No sé si soy el único al que le pasa, pero cuando voy por carretera y voy a acceder a la M-30 o M-40 y me encuentro con carteles de este estilo

no me parece del todo evidente saber por donde tengo que ir.
Yo sé hacia qué lado de la M-30 o M-40 quiero ir, pero de repente tengo que pensar, a veces en cuestión de segundos, en qué carretera estoy y en función de eso, ver a qué lados corresponden cada uno de los desvíos en función de las carreteras que han puesto en los carteles. No me parece el método más rápido para una decisión que se debe tomar el segundos. Quizá por eso no paro de ver coches dudar en este tipo de desvíos.
Y el problema es el poquísimo uso que hacemos en España de los puntos cardinales. Para mí lo fácil sería que me pusieran, por aquí al norte y por aquí al sur (si accedes por los lados) o por aquí al este y por aquí al oeste (si accedes desde arriba o abajo).
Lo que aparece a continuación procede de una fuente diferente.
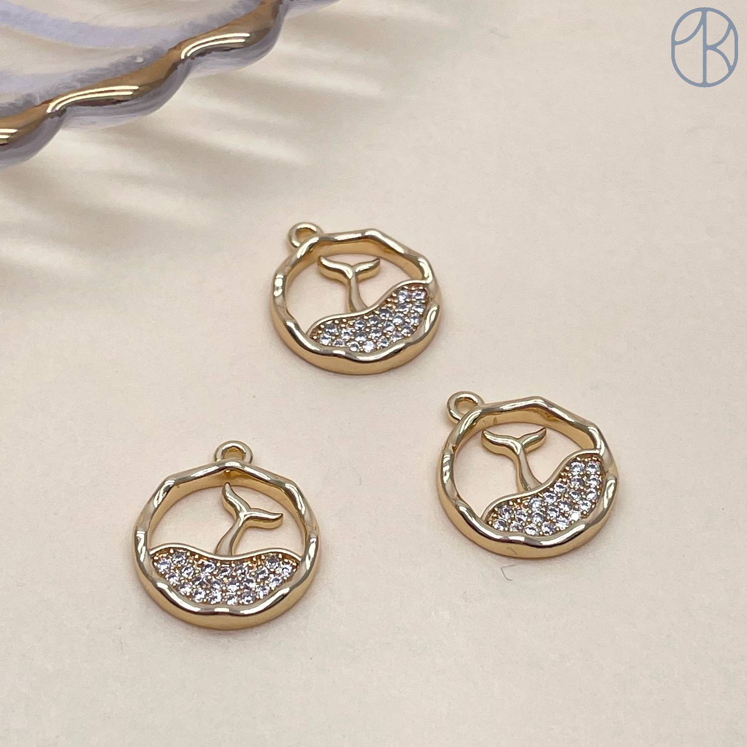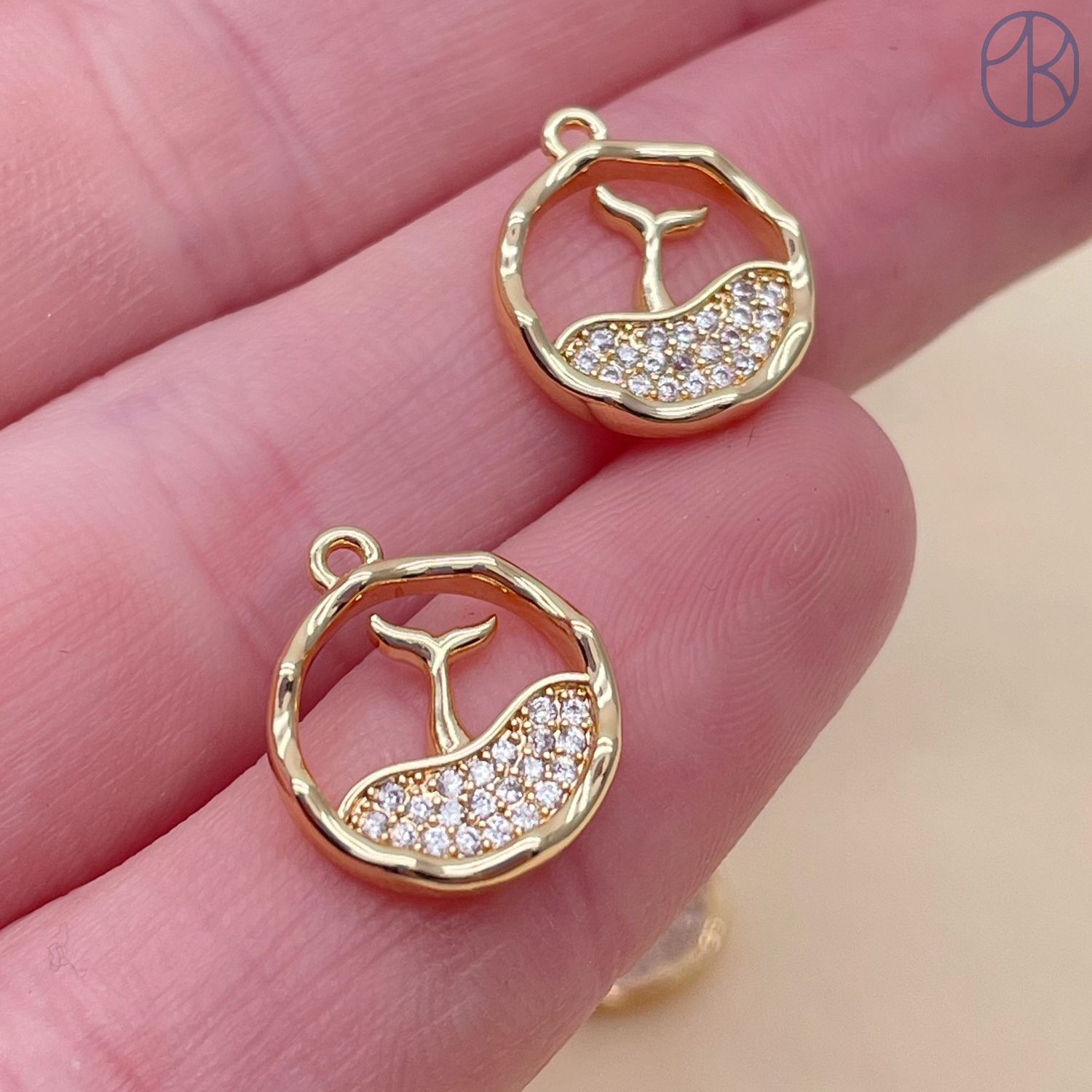 Подвеска кит в океане цирконы, цвет золото 14 мм

Hace poco charlaba con una amiga norteamericana que se sorprendía de esto. Me decía que había estado en el retiro y que era incapaz de apañarse con el mapa que había ahí:
por esa manía de poner las cosas en la orientación más cómoda para el maquetador, sin respetar los puntos cardinales. En el mundo anglosajón (y en general en cualquier mundo acostumbrado a los espacios abiertos o medios rurales) siempre tienen claro su orientación respecto a los puntos cardinales y por eso no conciben un mapa que no respete esto.
En EEUU se habla del Oeste, del Medio Oeste, del East Side y del West Side de Manhattan… incluso sabes en qué lado estás de las calles y avenidas porque se indica con un west, east, north o south. Para ellos es algo natural y les sirve para orientarse con rapidez. Para nosotros es algo simplemente que no forma parte de nuestra cultura, y es una pena, porque creo que es una forma chula de orientarse.